##### Information shown #####

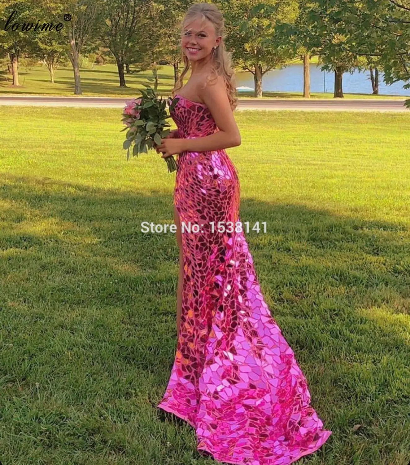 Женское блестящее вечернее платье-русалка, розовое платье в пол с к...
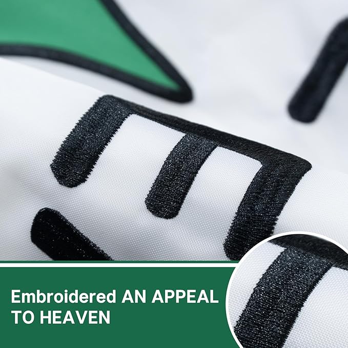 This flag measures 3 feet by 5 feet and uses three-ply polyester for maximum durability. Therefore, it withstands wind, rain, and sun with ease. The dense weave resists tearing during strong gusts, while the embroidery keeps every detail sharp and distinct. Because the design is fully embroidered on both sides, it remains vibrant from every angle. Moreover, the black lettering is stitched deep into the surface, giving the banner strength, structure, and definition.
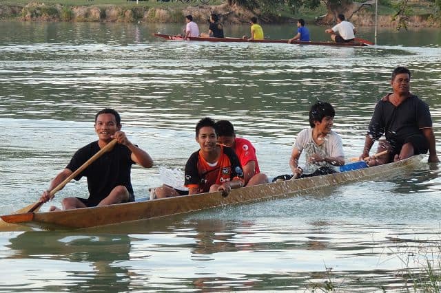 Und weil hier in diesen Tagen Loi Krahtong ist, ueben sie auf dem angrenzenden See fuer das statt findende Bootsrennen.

#####

§ **Task to complete**: Give back all the material exactly, with no pictures.

§ **Response to this task**:
 Женское блестящее вечернее платье-русалка, розовое платье в пол с к...
 This flag measures 3 feet by 5 feet and uses three-ply polyester for maximum durability. Therefore, it withstands wind, rain, and sun with ease. The dense weave resists tearing during strong gusts, while the embroidery keeps every detail sharp and distinct. Because the design is fully embroidered on both sides, it remains vibrant from every angle. Moreover, the black lettering is stitched deep into the surface, giving the banner strength, structure, and definition.
 Und weil hier in diesen Tagen Loi Krahtong ist, ueben sie auf dem angrenzenden See fuer das statt findende Bootsrennen.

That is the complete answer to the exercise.